Would you please output all the records exactly as given? Pictures should not appear in the copy.

### Recorded data
════════════════

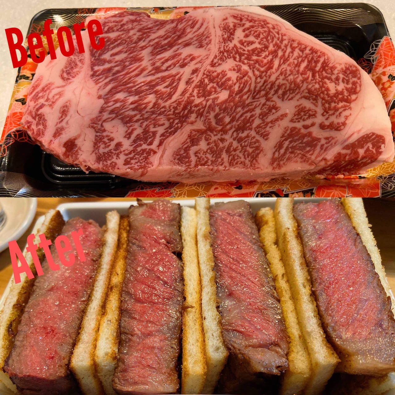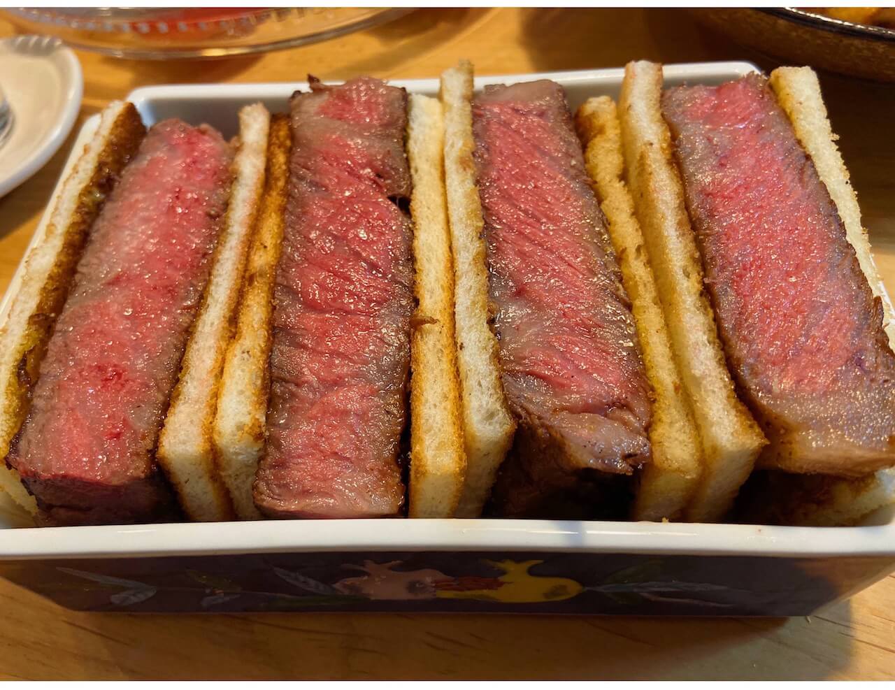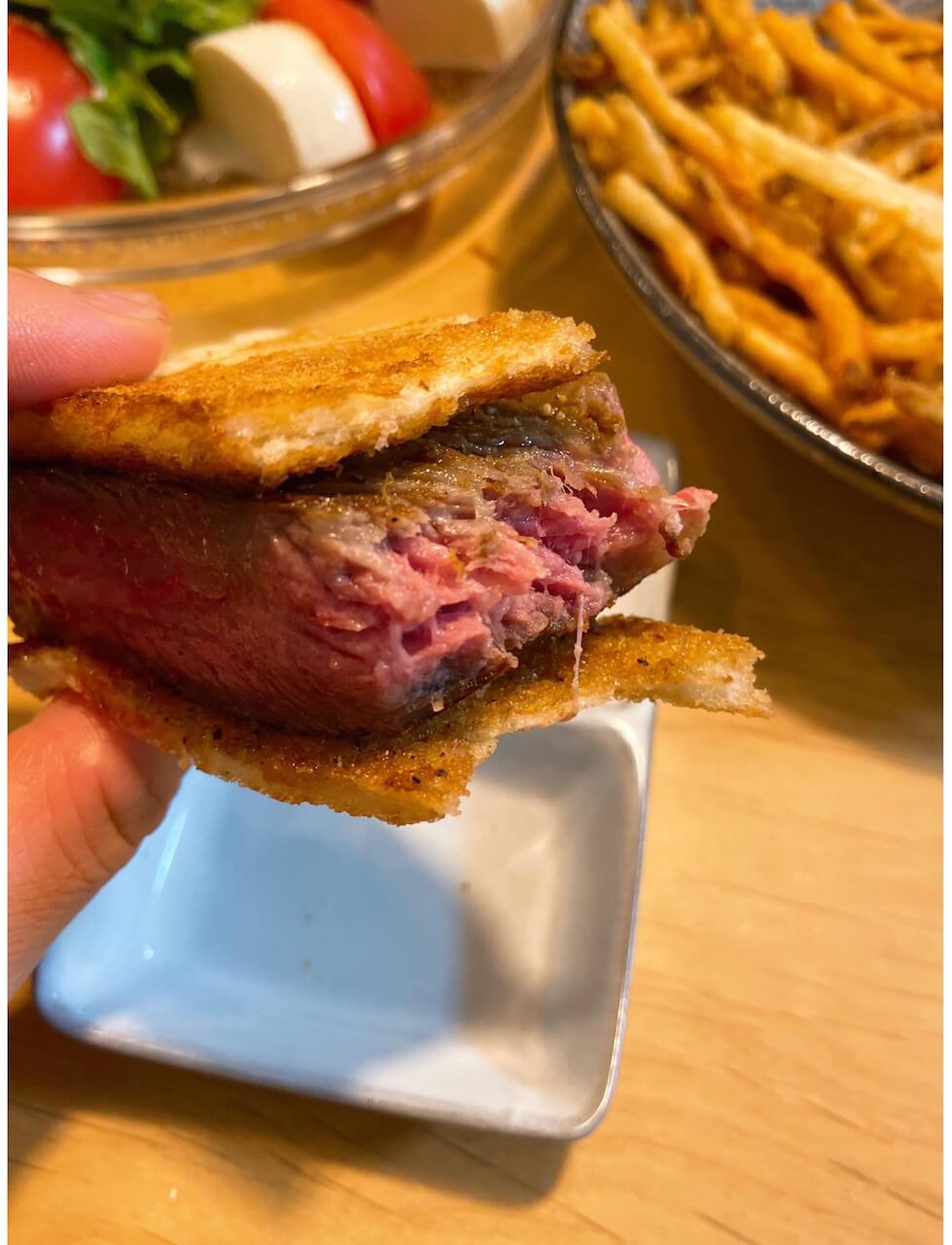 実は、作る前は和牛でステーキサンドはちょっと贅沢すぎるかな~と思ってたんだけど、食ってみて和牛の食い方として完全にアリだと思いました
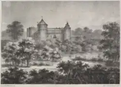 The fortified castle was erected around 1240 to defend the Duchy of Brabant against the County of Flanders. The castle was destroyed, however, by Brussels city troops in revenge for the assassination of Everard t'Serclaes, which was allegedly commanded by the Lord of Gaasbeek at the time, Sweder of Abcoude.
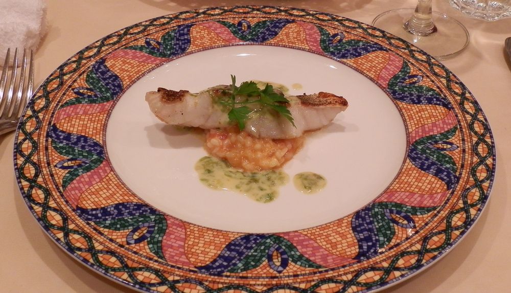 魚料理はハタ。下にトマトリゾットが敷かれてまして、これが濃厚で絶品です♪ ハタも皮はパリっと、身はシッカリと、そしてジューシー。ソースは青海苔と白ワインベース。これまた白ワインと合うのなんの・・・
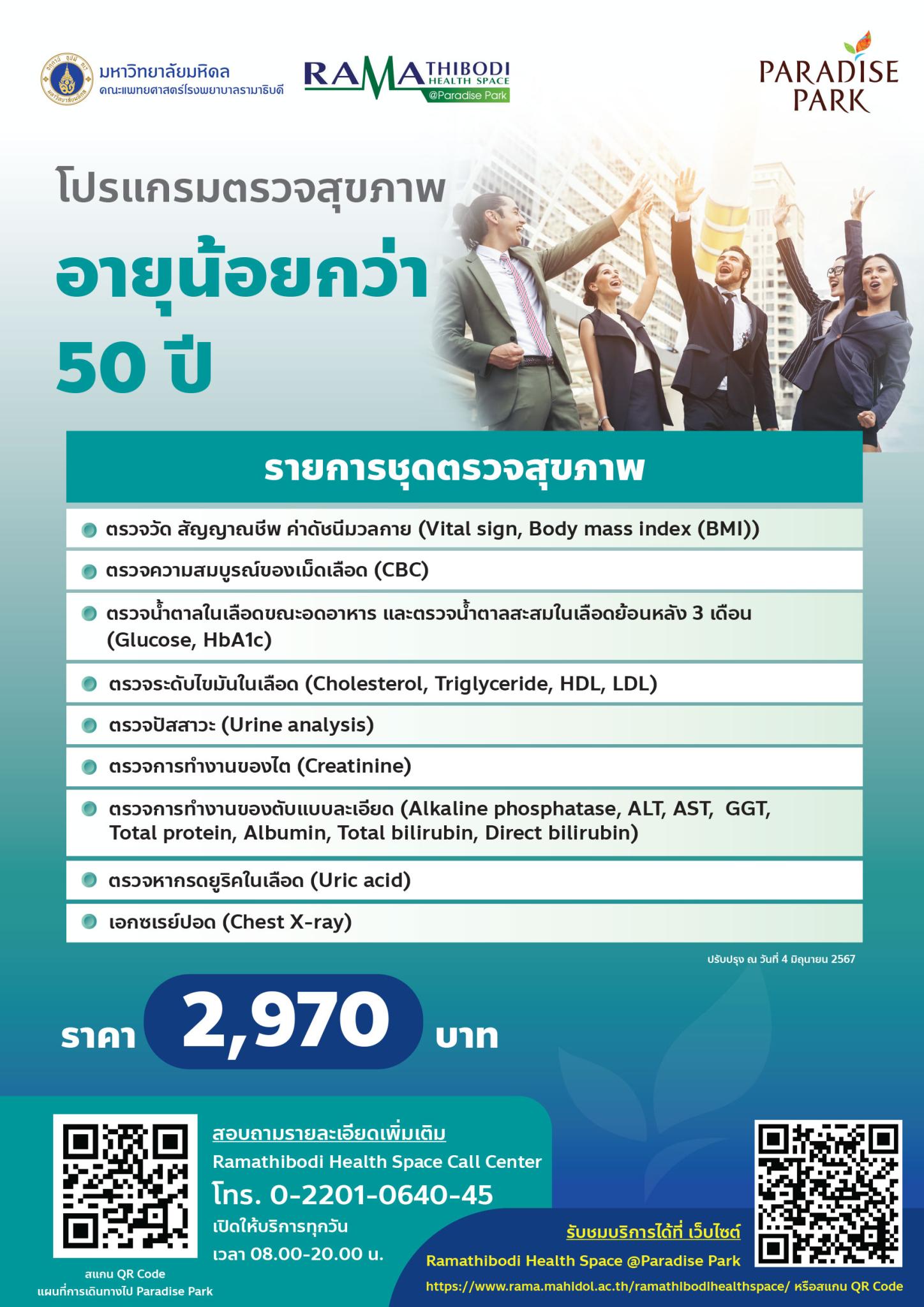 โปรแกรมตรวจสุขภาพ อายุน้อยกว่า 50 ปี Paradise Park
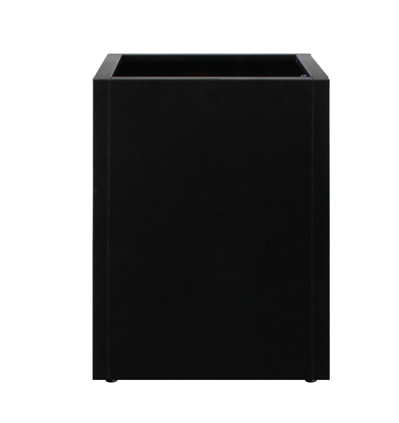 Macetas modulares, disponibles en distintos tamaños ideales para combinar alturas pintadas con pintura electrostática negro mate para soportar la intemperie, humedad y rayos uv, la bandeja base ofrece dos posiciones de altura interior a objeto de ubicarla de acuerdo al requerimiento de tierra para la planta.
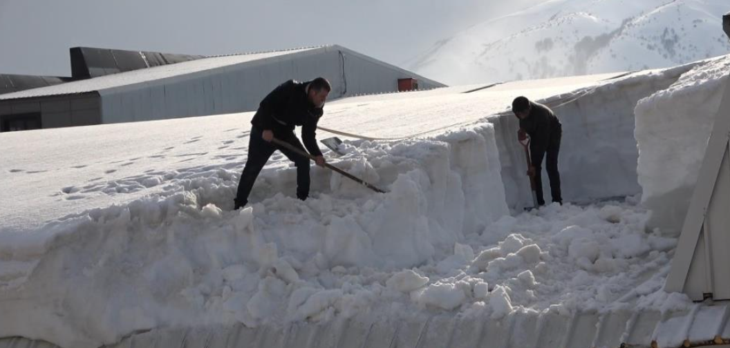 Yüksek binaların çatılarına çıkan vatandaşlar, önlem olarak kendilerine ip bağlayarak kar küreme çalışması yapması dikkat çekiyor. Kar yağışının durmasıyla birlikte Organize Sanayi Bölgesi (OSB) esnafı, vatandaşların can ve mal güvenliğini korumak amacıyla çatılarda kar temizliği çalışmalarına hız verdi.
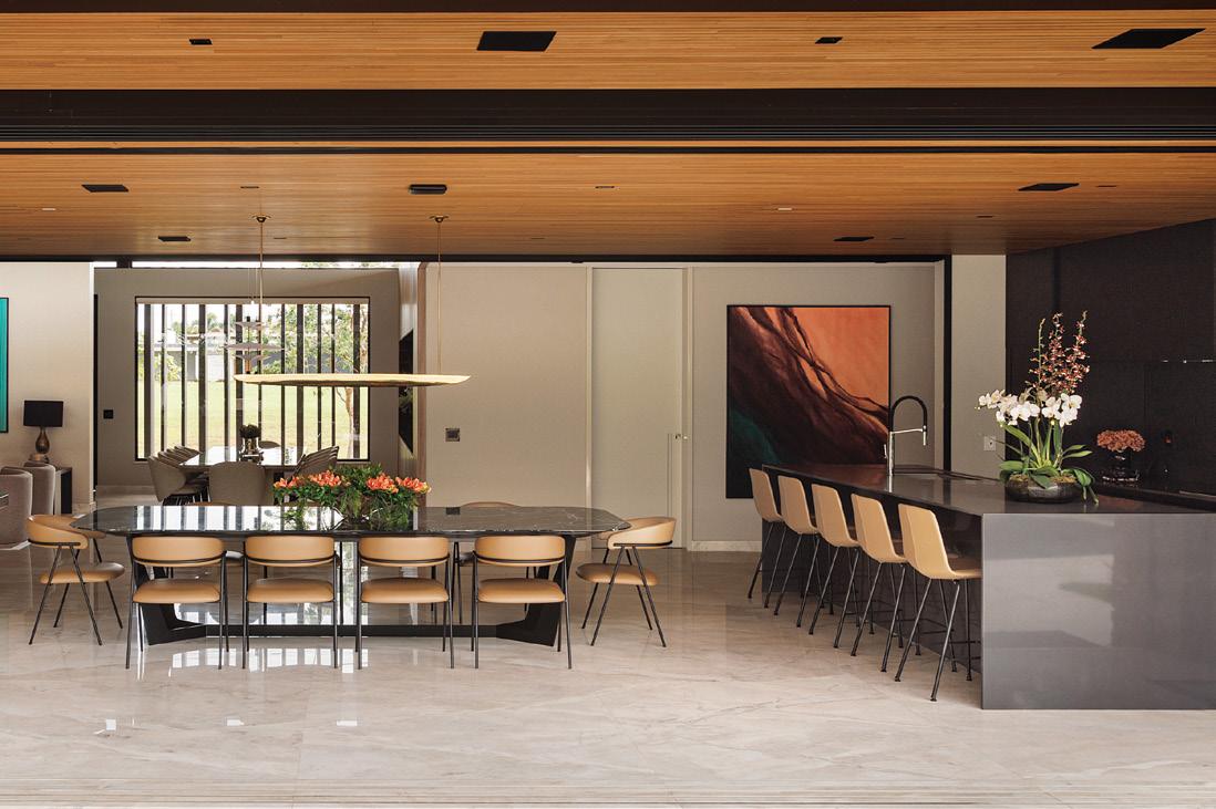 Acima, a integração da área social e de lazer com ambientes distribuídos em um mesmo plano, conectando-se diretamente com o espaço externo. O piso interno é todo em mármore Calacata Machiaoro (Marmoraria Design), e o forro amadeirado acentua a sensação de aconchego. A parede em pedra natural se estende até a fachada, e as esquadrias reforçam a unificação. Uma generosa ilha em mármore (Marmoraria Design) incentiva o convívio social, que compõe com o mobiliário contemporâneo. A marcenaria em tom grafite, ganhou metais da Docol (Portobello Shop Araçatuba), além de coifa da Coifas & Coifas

════════════════

### Problem solution
 実は、作る前は和牛でステーキサンドはちょっと贅沢すぎるかな~と思ってたんだけど、食ってみて和牛の食い方として完全にアリだと思いました
 The fortified castle was erected around 1240 to defend the Duchy of Brabant against the County of Flanders. The castle was destroyed, however, by Brussels city troops in revenge for the assassination of Everard t'Serclaes, which was allegedly commanded by the Lord of Gaasbeek at the time, Sweder of Abcoude.
 魚料理はハタ。下にトマトリゾットが敷かれてまして、これが濃厚で絶品です♪ ハタも皮はパリっと、身はシッカリと、そしてジューシー。ソースは青海苔と白ワインベース。これまた白ワインと合うのなんの・・・
 โปรแกรมตรวจสุขภาพ อายุน้อยกว่า 50 ปี Paradise Park
 Macetas modulares, disponibles en distintos tamaños ideales para combinar alturas pintadas con pintura electrostática negro mate para soportar la intemperie, humedad y rayos uv, la bandeja base ofrece dos posiciones de altura interior a objeto de ubicarla de acuerdo al requerimiento de tierra para la planta.
 Yüksek binaların çatılarına çıkan vatandaşlar, önlem olarak kendilerine ip bağlayarak kar küreme çalışması yapması dikkat çekiyor. Kar yağışının durmasıyla birlikte Organize Sanayi Bölgesi (OSB) esnafı, vatandaşların can ve mal güvenliğini korumak amacıyla çatılarda kar temizliği çalışmalarına hız verdi.
 Acima, a integração da área social e de lazer com ambientes distribuídos em um mesmo plano, conectando-se diretamente com o espaço externo. O piso interno é todo em mármore Calacata Machiaoro (Marmoraria Design), e o forro amadeirado acentua a sensação de aconchego. A parede em pedra natural se estende até a fachada, e as esquadrias reforçam a unificação. Uma generosa ilha em mármore (Marmoraria Design) incentiva o convívio social, que compõe com o mobiliário contemporâneo. A marcenaria em tom grafite, ganhou metais da Docol (Portobello Shop Araçatuba), além de coifa da Coifas & Coifas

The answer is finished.